THE PROBLEM: From the entries below, transcribe exactly the lines between the line holding "صاحبها ورئيس تحريرها : شاكر النعمة." and the line holding "Pantalon Ramatuelle en", inclusive; skip all other lines.

Stored items:
····················

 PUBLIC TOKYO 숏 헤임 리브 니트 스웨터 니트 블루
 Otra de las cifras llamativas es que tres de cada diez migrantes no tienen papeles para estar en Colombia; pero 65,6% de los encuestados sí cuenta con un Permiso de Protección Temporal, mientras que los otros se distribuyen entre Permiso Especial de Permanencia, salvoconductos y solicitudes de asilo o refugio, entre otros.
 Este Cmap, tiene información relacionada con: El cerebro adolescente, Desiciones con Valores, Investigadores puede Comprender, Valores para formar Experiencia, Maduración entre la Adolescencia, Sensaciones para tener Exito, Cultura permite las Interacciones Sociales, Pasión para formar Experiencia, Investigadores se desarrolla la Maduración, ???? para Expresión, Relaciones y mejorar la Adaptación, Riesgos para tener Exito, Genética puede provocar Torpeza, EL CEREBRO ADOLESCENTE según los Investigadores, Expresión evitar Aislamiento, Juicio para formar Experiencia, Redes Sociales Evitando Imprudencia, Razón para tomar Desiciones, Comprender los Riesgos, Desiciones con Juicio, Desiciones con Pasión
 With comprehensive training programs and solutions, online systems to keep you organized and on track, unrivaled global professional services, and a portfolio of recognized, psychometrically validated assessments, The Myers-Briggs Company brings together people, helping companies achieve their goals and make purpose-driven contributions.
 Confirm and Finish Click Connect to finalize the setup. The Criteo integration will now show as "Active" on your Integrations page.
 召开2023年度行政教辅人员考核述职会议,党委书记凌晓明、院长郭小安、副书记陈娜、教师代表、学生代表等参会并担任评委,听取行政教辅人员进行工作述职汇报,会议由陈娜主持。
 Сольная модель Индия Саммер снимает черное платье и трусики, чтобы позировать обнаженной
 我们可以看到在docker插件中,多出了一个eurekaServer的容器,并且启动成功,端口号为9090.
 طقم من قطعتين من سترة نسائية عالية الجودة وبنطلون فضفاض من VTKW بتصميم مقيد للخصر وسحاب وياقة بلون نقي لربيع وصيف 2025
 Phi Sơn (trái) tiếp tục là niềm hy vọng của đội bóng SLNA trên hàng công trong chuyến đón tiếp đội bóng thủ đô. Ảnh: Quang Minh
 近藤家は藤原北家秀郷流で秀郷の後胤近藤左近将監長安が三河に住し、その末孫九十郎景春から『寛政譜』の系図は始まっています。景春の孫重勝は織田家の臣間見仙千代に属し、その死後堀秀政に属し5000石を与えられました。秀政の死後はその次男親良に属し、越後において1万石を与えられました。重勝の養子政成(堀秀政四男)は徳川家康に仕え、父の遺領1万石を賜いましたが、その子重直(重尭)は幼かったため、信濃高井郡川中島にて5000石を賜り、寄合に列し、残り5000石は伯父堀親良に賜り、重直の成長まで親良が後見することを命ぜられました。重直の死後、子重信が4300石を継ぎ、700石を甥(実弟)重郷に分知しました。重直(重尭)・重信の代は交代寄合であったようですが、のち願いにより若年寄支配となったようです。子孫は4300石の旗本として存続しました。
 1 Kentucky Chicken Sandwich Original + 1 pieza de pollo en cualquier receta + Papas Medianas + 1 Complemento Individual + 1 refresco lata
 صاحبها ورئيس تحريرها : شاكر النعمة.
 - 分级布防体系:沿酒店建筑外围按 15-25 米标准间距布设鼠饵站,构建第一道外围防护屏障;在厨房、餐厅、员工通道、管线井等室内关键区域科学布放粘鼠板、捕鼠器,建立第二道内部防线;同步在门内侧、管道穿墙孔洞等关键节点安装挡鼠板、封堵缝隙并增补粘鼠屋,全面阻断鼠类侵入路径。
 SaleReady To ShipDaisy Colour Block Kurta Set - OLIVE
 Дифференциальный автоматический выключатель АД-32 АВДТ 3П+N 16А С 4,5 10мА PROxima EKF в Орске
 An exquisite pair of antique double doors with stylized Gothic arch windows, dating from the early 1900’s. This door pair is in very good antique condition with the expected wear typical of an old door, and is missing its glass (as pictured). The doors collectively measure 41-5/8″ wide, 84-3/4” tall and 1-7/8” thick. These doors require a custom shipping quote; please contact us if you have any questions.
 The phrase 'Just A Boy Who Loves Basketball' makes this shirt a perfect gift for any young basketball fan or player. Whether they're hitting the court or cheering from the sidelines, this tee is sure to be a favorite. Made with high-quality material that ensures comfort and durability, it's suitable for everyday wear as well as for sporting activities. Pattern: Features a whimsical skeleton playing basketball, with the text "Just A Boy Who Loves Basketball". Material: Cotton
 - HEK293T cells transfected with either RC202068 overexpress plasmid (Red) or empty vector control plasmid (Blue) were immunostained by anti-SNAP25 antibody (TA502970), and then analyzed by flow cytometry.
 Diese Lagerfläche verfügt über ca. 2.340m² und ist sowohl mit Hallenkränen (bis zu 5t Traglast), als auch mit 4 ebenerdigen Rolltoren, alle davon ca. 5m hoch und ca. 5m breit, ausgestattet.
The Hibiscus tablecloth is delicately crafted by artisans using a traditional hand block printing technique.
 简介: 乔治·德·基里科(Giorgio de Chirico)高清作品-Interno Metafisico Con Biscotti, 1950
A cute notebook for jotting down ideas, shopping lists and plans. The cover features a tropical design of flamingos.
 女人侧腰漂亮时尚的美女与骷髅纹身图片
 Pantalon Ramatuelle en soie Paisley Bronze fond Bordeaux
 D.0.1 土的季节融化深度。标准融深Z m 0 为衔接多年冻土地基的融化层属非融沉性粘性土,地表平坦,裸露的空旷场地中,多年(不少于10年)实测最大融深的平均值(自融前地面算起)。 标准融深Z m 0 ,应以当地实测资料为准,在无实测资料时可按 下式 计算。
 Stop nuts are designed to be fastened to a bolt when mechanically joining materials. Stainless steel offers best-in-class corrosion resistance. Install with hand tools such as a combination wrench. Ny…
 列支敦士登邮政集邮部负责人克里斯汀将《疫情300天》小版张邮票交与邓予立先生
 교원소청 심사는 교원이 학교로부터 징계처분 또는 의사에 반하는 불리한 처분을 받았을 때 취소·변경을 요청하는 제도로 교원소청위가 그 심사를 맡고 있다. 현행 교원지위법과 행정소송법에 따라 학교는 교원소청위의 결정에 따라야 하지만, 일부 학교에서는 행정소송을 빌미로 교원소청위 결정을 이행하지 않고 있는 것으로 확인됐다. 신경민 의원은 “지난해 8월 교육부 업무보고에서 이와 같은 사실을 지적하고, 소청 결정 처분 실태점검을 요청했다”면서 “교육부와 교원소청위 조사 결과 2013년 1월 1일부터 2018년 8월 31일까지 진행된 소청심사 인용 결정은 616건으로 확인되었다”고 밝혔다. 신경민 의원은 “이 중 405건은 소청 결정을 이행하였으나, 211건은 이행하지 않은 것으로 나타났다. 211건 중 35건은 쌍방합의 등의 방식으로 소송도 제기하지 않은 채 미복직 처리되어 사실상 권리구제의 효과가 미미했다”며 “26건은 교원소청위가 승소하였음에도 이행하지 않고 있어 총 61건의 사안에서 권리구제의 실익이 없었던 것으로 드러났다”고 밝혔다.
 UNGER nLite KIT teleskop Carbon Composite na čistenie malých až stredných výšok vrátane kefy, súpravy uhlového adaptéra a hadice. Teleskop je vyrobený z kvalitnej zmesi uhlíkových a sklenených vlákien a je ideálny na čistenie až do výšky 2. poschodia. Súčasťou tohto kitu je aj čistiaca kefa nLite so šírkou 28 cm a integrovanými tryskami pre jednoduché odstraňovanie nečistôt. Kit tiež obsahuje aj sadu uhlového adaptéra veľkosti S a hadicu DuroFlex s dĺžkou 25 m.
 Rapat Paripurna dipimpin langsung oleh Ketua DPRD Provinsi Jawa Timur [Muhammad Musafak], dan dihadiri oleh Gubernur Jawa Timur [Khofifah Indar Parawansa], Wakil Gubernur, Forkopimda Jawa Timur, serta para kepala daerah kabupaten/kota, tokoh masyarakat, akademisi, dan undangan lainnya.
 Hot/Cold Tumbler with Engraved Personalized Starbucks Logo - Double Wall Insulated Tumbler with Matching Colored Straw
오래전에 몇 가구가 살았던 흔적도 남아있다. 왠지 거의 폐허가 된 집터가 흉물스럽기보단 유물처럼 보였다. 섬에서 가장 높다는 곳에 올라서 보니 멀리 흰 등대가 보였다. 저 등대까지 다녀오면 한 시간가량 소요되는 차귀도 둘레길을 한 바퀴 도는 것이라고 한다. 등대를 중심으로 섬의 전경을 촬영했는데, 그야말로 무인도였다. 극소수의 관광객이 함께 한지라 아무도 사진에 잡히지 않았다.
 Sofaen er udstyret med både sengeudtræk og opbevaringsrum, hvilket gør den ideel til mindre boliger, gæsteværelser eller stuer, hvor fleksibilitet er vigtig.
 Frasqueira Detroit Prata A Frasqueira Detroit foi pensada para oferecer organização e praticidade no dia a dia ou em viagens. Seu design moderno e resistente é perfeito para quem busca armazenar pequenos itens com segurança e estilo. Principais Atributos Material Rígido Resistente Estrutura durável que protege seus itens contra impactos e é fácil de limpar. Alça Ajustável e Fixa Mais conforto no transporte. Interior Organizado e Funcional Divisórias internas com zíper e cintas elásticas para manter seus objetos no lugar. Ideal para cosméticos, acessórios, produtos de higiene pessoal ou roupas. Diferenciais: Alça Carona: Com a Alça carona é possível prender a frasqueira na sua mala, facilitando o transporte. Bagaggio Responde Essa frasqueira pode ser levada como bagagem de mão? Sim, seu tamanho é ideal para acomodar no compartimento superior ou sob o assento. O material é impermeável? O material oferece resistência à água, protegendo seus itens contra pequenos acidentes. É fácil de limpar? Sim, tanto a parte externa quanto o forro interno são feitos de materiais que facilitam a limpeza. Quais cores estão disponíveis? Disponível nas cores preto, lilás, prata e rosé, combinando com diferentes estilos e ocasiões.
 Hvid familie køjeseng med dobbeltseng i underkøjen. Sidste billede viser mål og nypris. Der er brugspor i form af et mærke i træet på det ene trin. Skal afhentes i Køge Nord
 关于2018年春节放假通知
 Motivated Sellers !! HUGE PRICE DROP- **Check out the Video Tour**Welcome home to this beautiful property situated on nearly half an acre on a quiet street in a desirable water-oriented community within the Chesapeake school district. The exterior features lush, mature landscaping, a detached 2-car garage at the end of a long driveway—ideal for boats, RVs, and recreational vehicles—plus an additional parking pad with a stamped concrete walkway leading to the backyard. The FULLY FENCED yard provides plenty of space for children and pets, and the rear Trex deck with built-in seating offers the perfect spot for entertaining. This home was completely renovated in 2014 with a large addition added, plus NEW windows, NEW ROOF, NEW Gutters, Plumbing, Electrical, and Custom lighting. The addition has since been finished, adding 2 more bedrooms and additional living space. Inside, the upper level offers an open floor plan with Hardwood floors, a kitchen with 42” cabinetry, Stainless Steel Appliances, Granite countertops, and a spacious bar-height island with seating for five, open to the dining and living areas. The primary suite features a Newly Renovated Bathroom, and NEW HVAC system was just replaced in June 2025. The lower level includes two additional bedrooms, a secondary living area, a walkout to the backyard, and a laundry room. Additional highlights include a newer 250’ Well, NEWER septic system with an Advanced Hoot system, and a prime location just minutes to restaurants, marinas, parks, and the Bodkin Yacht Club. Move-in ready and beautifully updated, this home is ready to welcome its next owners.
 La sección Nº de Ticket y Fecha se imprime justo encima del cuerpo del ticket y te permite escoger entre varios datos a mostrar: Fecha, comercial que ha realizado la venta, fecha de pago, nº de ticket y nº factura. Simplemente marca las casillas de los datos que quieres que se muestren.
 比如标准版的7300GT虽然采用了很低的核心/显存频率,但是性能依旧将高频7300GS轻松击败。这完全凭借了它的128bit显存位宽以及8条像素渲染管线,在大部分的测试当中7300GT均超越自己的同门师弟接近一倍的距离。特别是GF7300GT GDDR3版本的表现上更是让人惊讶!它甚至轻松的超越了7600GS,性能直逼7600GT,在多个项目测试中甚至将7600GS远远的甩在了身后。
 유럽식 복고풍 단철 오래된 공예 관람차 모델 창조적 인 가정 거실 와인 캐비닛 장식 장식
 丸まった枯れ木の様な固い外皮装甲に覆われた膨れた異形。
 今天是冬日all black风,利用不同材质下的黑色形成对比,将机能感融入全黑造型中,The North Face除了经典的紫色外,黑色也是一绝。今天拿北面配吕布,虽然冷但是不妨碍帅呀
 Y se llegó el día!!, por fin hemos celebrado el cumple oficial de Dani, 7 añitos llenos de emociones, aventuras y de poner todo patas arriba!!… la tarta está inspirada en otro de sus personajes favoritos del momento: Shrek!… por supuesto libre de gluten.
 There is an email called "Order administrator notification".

····················

OUTPUT:
 صاحبها ورئيس تحريرها : شاكر النعمة.
 - 分级布防体系:沿酒店建筑外围按 15-25 米标准间距布设鼠饵站,构建第一道外围防护屏障;在厨房、餐厅、员工通道、管线井等室内关键区域科学布放粘鼠板、捕鼠器,建立第二道内部防线;同步在门内侧、管道穿墙孔洞等关键节点安装挡鼠板、封堵缝隙并增补粘鼠屋,全面阻断鼠类侵入路径。
 SaleReady To ShipDaisy Colour Block Kurta Set - OLIVE
 Дифференциальный автоматический выключатель АД-32 АВДТ 3П+N 16А С 4,5 10мА PROxima EKF в Орске
 An exquisite pair of antique double doors with stylized Gothic arch windows, dating from the early 1900’s. This door pair is in very good antique condition with the expected wear typical of an old door, and is missing its glass (as pictured). The doors collectively measure 41-5/8″ wide, 84-3/4” tall and 1-7/8” thick. These doors require a custom shipping quote; please contact us if you have any questions.
 The phrase 'Just A Boy Who Loves Basketball' makes this shirt a perfect gift for any young basketball fan or player. Whether they're hitting the court or cheering from the sidelines, this tee is sure to be a favorite. Made with high-quality material that ensures comfort and durability, it's suitable for everyday wear as well as for sporting activities. Pattern: Features a whimsical skeleton playing basketball, with the text "Just A Boy Who Loves Basketball". Material: Cotton
 - HEK293T cells transfected with either RC202068 overexpress plasmid (Red) or empty vector control plasmid (Blue) were immunostained by anti-SNAP25 antibody (TA502970), and then analyzed by flow cytometry.
 Diese Lagerfläche verfügt über ca. 2.340m² und ist sowohl mit Hallenkränen (bis zu 5t Traglast), als auch mit 4 ebenerdigen Rolltoren, alle davon ca. 5m hoch und ca. 5m breit, ausgestattet.
The Hibiscus tablecloth is delicately crafted by artisans using a traditional hand block printing technique.
 简介: 乔治·德·基里科(Giorgio de Chirico)高清作品-Interno Metafisico Con Biscotti, 1950
A cute notebook for jotting down ideas, shopping lists and plans. The cover features a tropical design of flamingos.
 女人侧腰漂亮时尚的美女与骷髅纹身图片
 Pantalon Ramatuelle en soie Paisley Bronze fond Bordeaux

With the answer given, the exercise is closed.